Suppose x̂⁻(x) = 2.450m (state is OUTSIDE the range). What happens?

Solution

**1. Uniform variance:**

    σ²_uniform = (meas.range)² / 12
               = (0.060)² / 12
               = 0.0036 / 12
               = 0.0003 m²
    σ_uniform  = 0.01732m ≈ 1.73cm

**2. Covariance update:**

    Case A: P⁻ = 0.010 m²  (large — 10x bigger than σ²_uniform)
        P⁺ = min(0.010, 0.0003) = 0.0003 m²
        → Covariance tightened to the line-sensor range variance
        → After this update the filter is "as confident as the line-sensor allows"

    Case B: P⁻ = 0.0001 m²  (very tight — 3x smaller than σ²_uniform)
        P⁺ = min(0.0001, 0.0003) = 0.0001 m²
        → Covariance UNCHANGED — the state is already MORE precise than the measurement
        → The line-sensor cannot improve on what the filter already "knows"

**3. Clamp update (state estimate inside range in both cases):**

    x̂⁻ = 2.510m   (inside [2.470, 2.530])

    x̂⁺ = clamp(2.510, 2.470, 2.530) = 2.510m

    → No change to state position in either P case.
    → The state is already consistent with the measurement range; no correction needed.

**4. State outside range:**

    x̂⁻ = 2.450m   (below meas.min = 2.470m)

    x̂⁺ = clamp(2.450, 2.470, 2.530) = 2.470m

    → State SNAPPED to the nearest edge of the range.
    → The innovation here would be:
        ν = (meas centre) - x̂⁻ = 2.500 - 2.450 = 0.050m

    Check Mahalanobis gate first (using Case A, P = 0.010):
        d = 0.050 / sqrt(0.010 + 0.0003) = 0.050 / 0.1015 = 0.493
        → ACCEPTED ✓ (d < 2)

    After clamp: x̂⁺ = 2.470m (snapped from 2.450m to range boundary)
    Covariance: P⁺ = min(0.010, 0.0003) = 0.0003 m²

**Summary table for this measurement:** | Scenario | x̂⁻ | P⁻ | x̂⁺ (after clamp) | P⁺ | Gate decision | |---|---|---|---|---|---| | State inside range, large P | 2.510m | 0.010 m² | 2.510m (unchanged) | 0.0003 m² | Accepted | | State inside range, tight P | 2.510m | 0.0001 m² | 2.510m (unchanged) | 0.0001 m² | Accepted | | State outside range, large P | 2.450m | 0.010 m² | 2.470m (snapped) | 0.0003 m² | Accepted (d=0.49) | **Key takeaway:** A 6cm line-sensor range sets the covariance floor at `0.0003 m²` (σ = 1.73cm).
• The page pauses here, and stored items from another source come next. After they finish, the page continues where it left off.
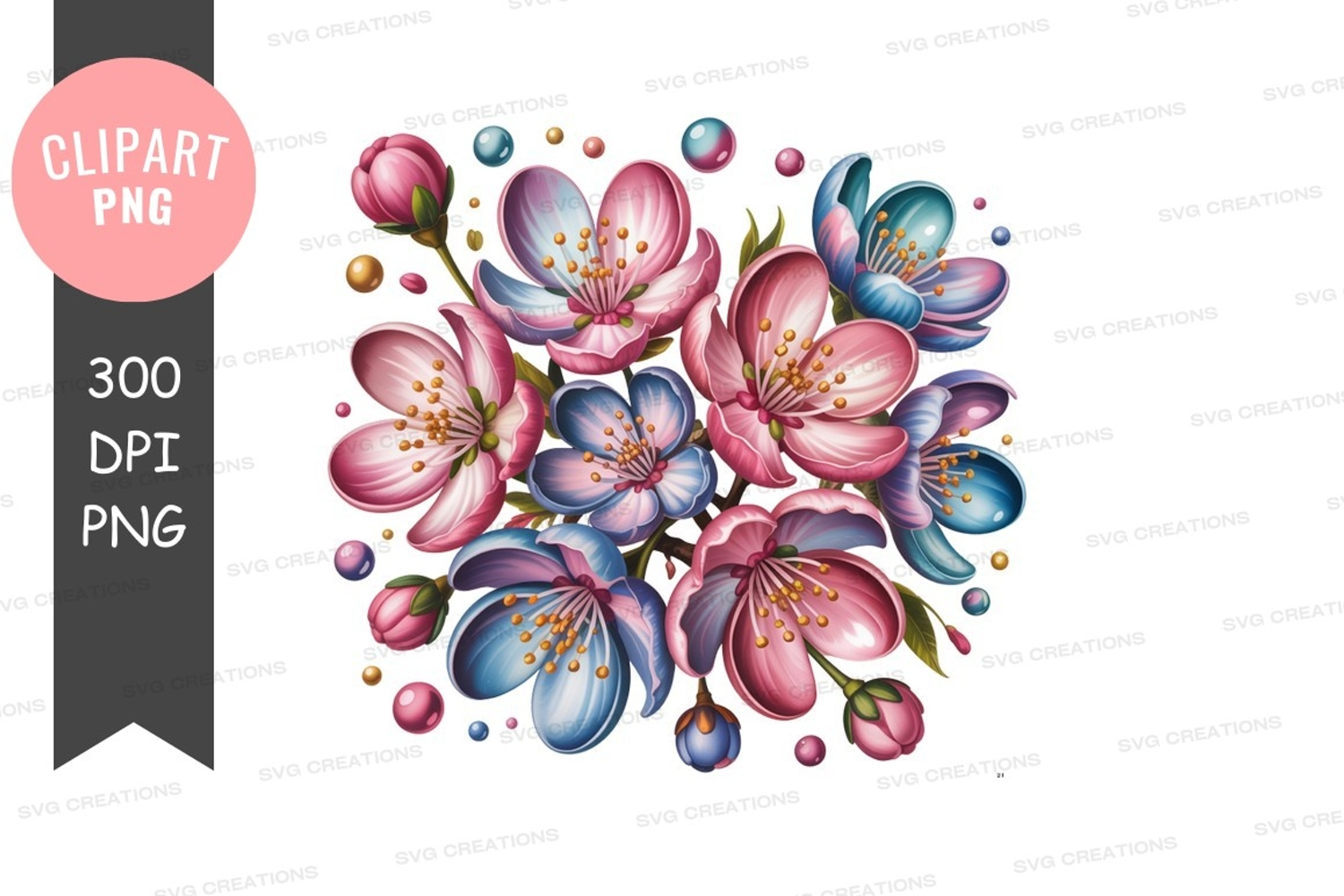 Decorative Illustration Spring Pink Nature Flowers Clipart Blue Bouquet Bubbles
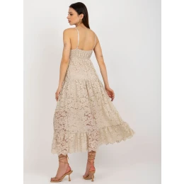 Společenské dámské šaty na ramínka krajkové s kolovou sukní růžové - Růžová / L - Sherri
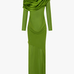 Blending structure and sensuality, sheer silk georgette is intentionally draped across the shoulders and hip, with a layered train at the back which appears to fall away from the body.
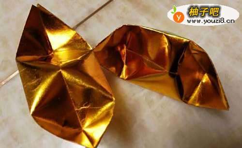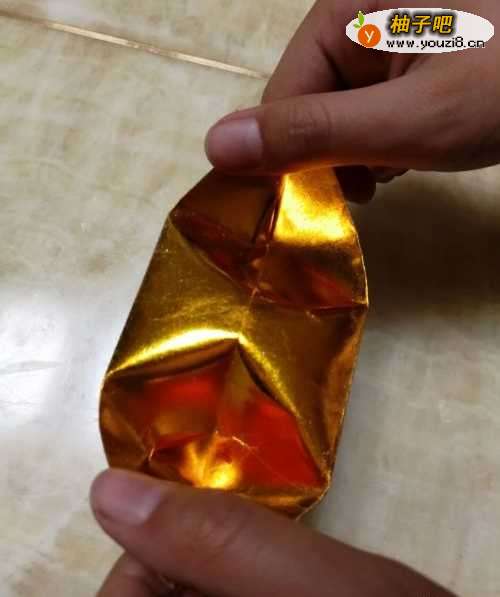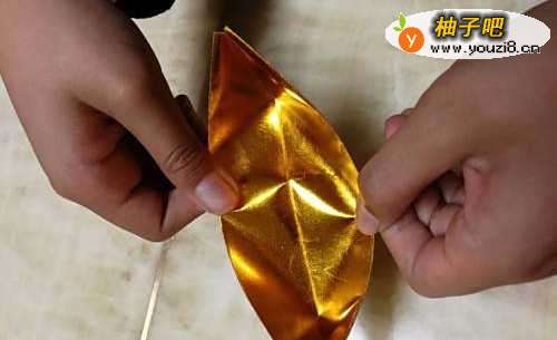 6不断内压,使中心冒出一个金黄的尖,将纸形加以捏收,就现出了饱厚的元宝啦。
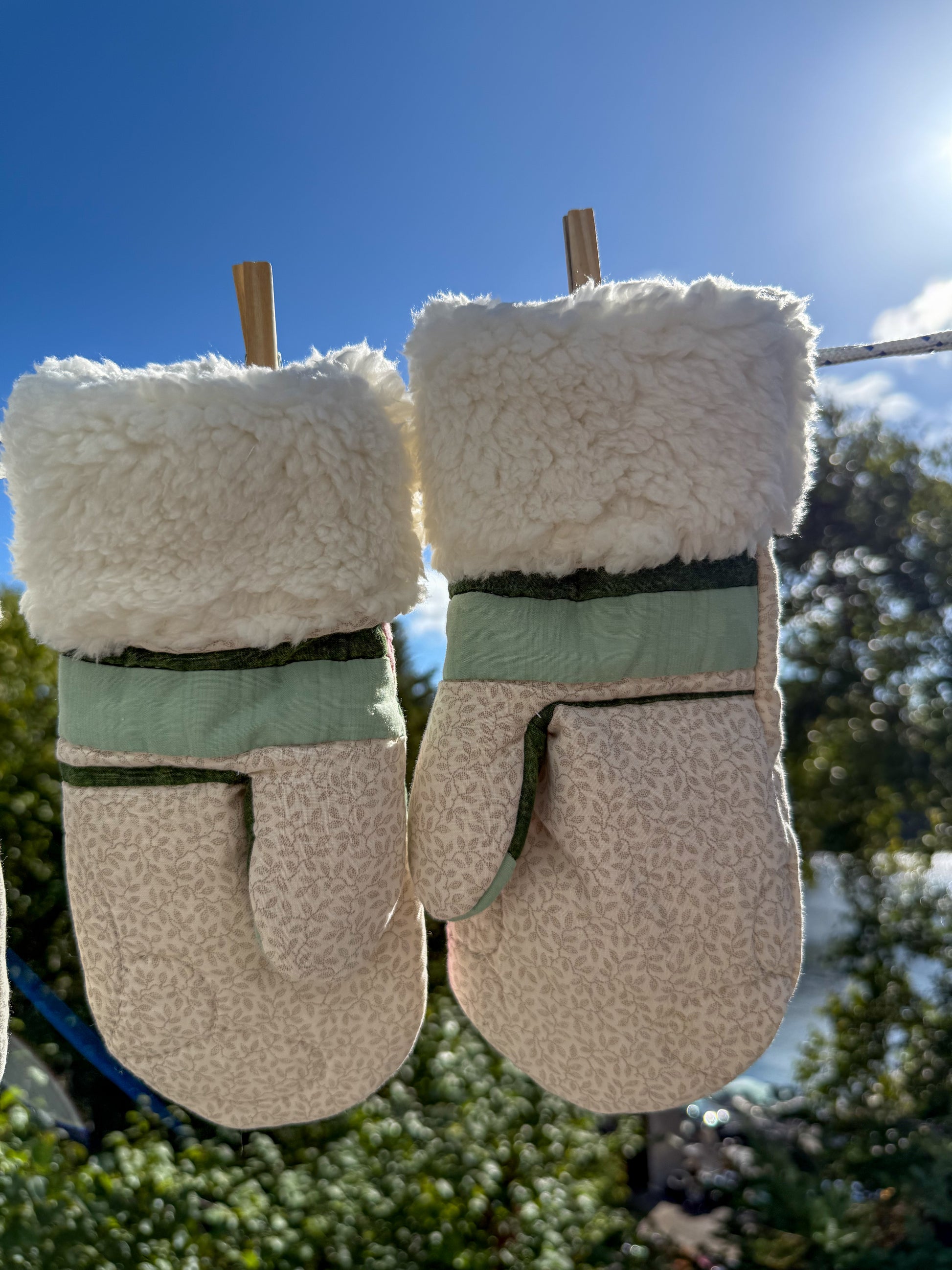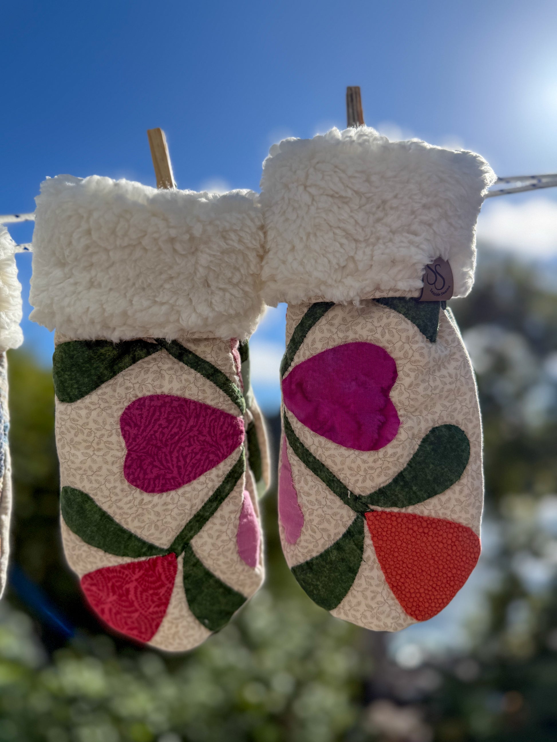 Embrace the chill in style with our Quilted Mittens, thoughtfully crafted from upcycled quilt coat remnants and fully lined with ultra-plush sherpa for unmatched warmth and comfort. These mittens are a testament to our commitment to sustainability, ensuring that no fabric goes to waste.

This is larger than the tight case `P = 0.0001 m²`. So in Case B, repeated valid line-sensor updates cannot tighten P below 0.0003 m² — the floor is set by the physical measurement range. However, **duplicate** line-sensor messages (with stale identical content) will keep executing the clamp update and confirming `P⁺ = min(P, 0.0003)` — the covariance is correctly bounded but the position is stale. A future fresh measurement then has a very tight P = 0.0003 m², and if the genuine line position disagrees by more than `2 × sqrt(0.0003 + 0.005) ≈ 14.5cm`, it will be rejected. This is the 14.5cm rejection threshold for a state that has been over-confirmed by duplicates.
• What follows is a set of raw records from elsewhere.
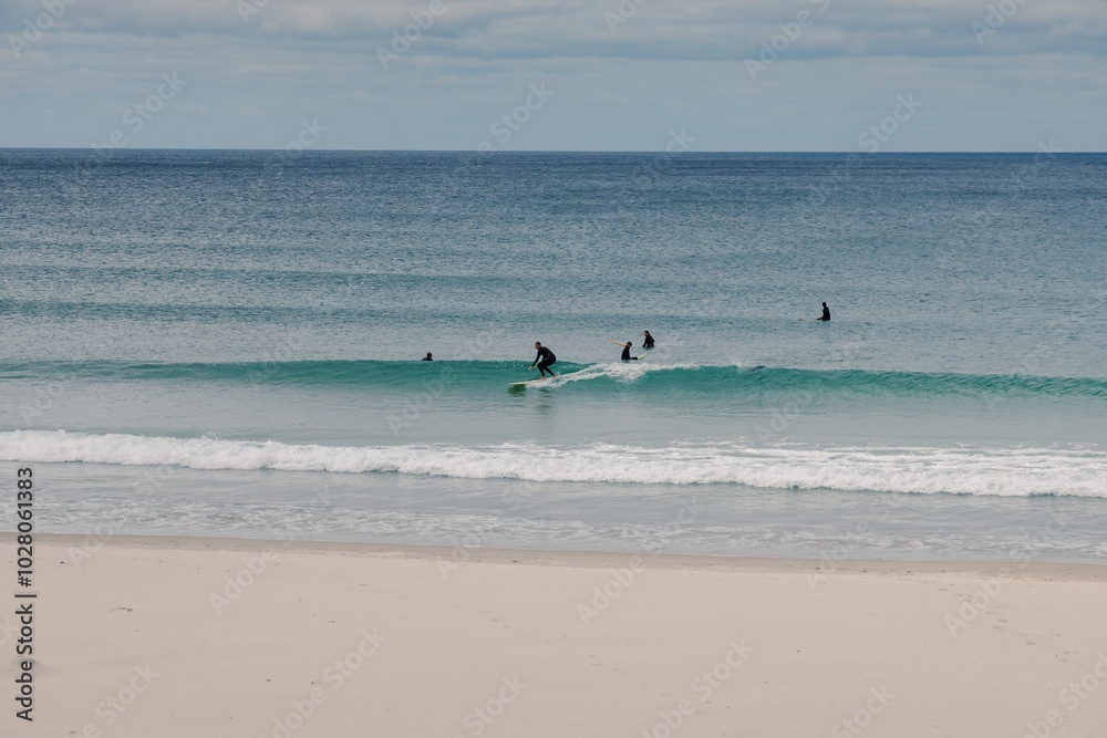 Samolepka People surfing on longboards in calm ocean waves on a sunny day at Te Arai Beach, Auckland, New Zealand
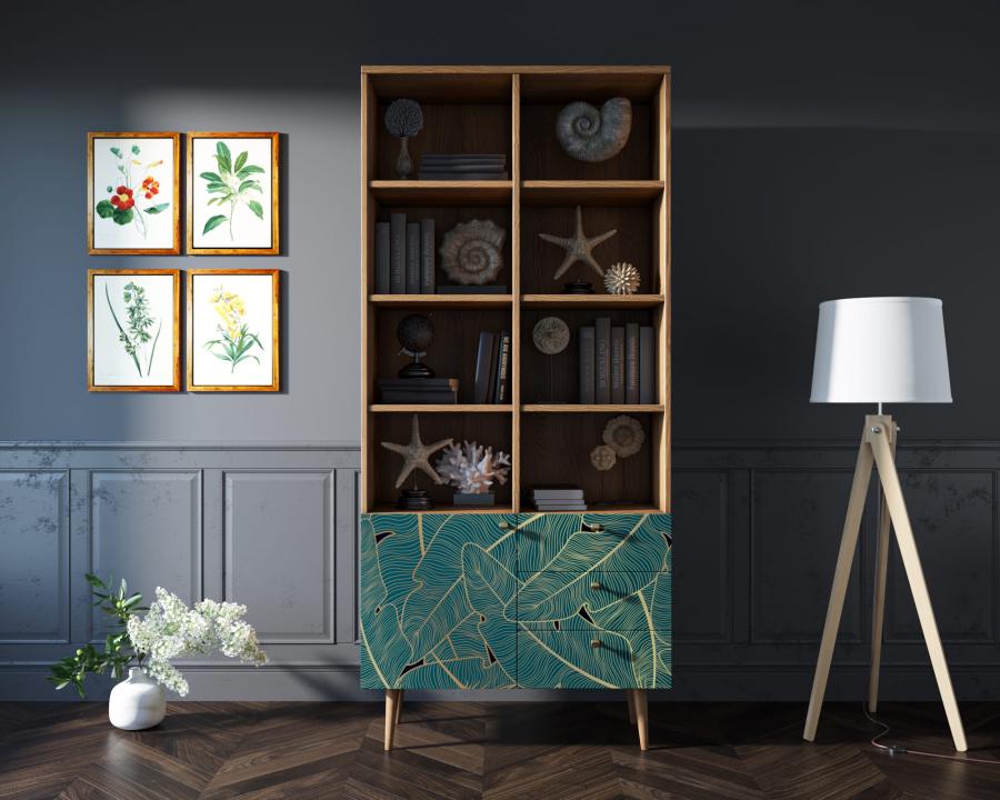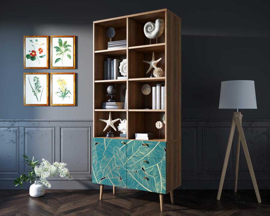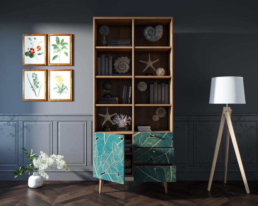 Стеллаж с дизайнерским принтом на фасаде имеет три небольших ящика полного выдвижения на шариковых направляющих. Левая секция за дверкой разделена полкой, которая регулируется по высоте. Ноги изготовлены из прочного массива ясеня.
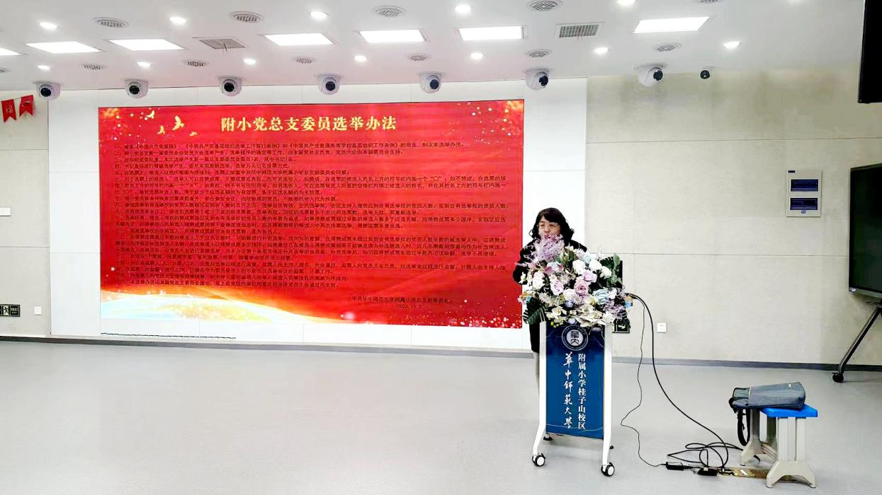 按照《中国共产党章程》《中国共产党普通高等学校基层组织工作条例》和《中国共产党基层组织选举工作条例》等相关规定,经华师大党委批准,中共华中师范大学附属小学总支部委员会于2023年12月29日下午四点在附小桂子山校区四楼阶梯教室召开了全体党员会议,进行换届选举。华中师范大学党委组织部常务副部长兼党校常务副校长龚炜出席大会。
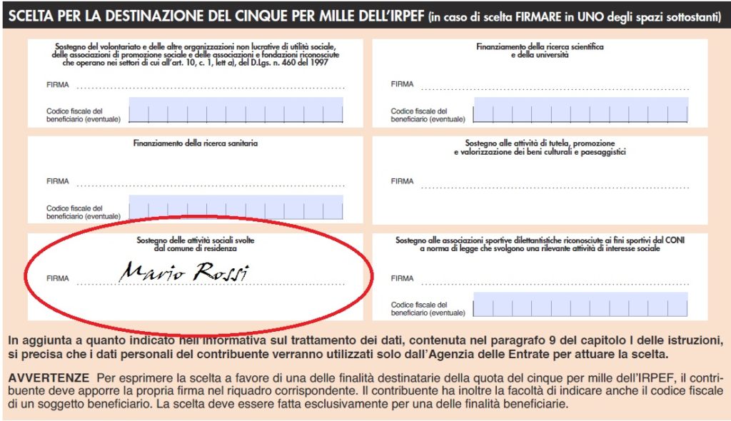 Il 5×1000 infatti non è un’imposta aggiuntiva e non è sostitutiva dell’8×1000 dell’Irpef destinato allo Stato o alle confessioni religiose. Consente ai cittadini di destinare una parte delle imposte dovute a sostegno delle azioni e degli interventi sociali della propria città.

Bonus — Connecting Back to SCL Bag Analysis

When you see P_xx trace in a bag that goes:

    0.010 → 0.0030 → 0.0010 → 0.0003 → 0.0003 → 0.0003 → [flat]
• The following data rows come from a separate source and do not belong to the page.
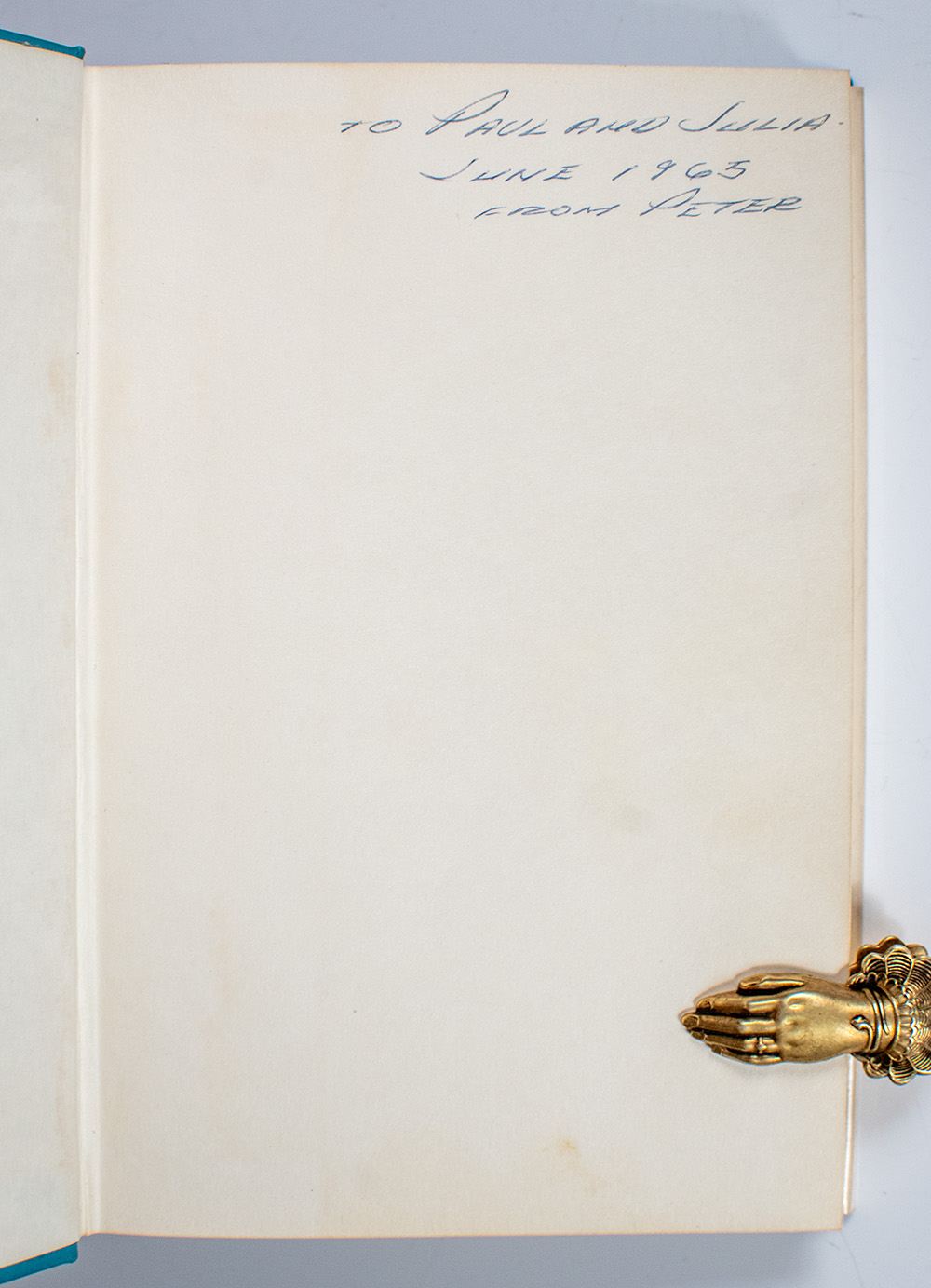 First edition of this work, basis for the Academy Award-winning film Glory, starring Matthew Broderick, Denzel Washington, Morgan Freeman and Cary Elwes. Octavo, original cloth. Association copy, inscribed by the author in the year of publication on the front free endpaper, "To Paul and Julia [Child] June 1965 From Peter." The recipient, Julia Child was a chef, author, and television personality. She is recognized for having brought French cuisine to the American public with her debut cookbook, Mastering the Art of French Cooking, and her subsequent television programs, the most notable of which was The French Chef, which premiered in 1963.Near fine in a near fine dust jacket. An exceptional association.
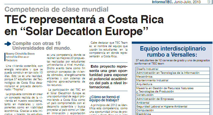 Además, en el perfil de Twitter del TEC se leyó: “"¡Orgullo Tico! Costa Rica realizó un papel notable en competencia mundial. El proyecto Trópika de estudiantes del TEC… obtuvo el primer lugar como casa favorita del público. Felicidades muchachos. Dejaron en alto el nombre de CR y del TEC".
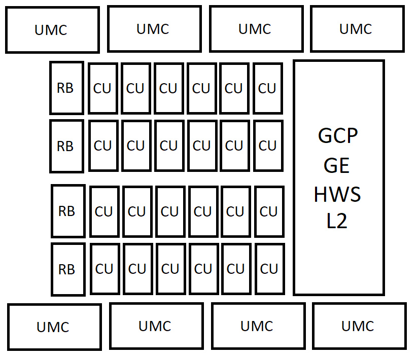在每个着色器引擎上,都有自己的渲染支持(RB)单元,这些单元连接至中间的SoC块,其中包含了图形命令处理器、图形引擎、硬件和L2缓存。还有 16 个统一显存控制器,每个控制器 32 Bit,显存位宽达到 512 Bit。如果 AMD 坚持使用当前的 IFC 配置,顶部芯片可以包含高达 128 MB 的 Infinity Cache。

…and the flat region spans 3+ seconds, that is the duplicate flood signature. The covariance has reached the σ²_uniform floor and is being confirmed there by stale readings. The robot’s position belief is locked at one value while the physical robot may have moved. The next fresh line-sensor reading that reports a different position will be evaluated against d = ν / sqrt(0.0003 + 0.005) = ν / 0.0724. Any drift above 2 × 0.0724 = 14.5cm causes silent rejection — and the robot continues drifting.

This is why line-sensor duplicate detection upstream of the estimator (sequence numbers, content hashing, or timestamp monotonicity checks) would fix the silent-rejection failure class without changing any estimator math.